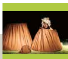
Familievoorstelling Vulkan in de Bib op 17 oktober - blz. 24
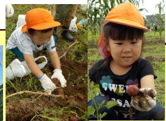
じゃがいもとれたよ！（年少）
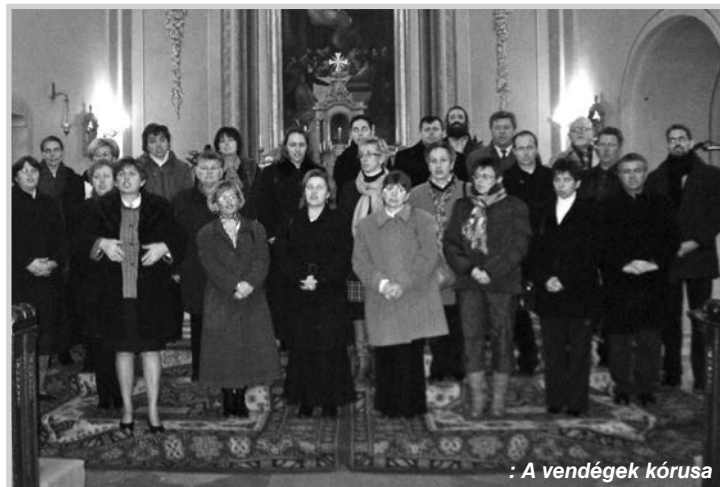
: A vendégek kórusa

...

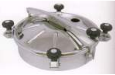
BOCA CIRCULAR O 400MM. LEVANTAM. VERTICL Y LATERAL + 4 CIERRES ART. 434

INSTRUCTIONS FOR THE TASK
What you return from the records above should be exactly everything from the line with "Familievoorstelling Vulkan in" down to the line with "A vendégek kórusa", both kept, and no pictures.

EXERCISE RESPONSE
Familievoorstelling Vulkan in de Bib op 17 oktober - blz. 24
じゃがいもとれたよ！（年少）
: A vendégek kórusa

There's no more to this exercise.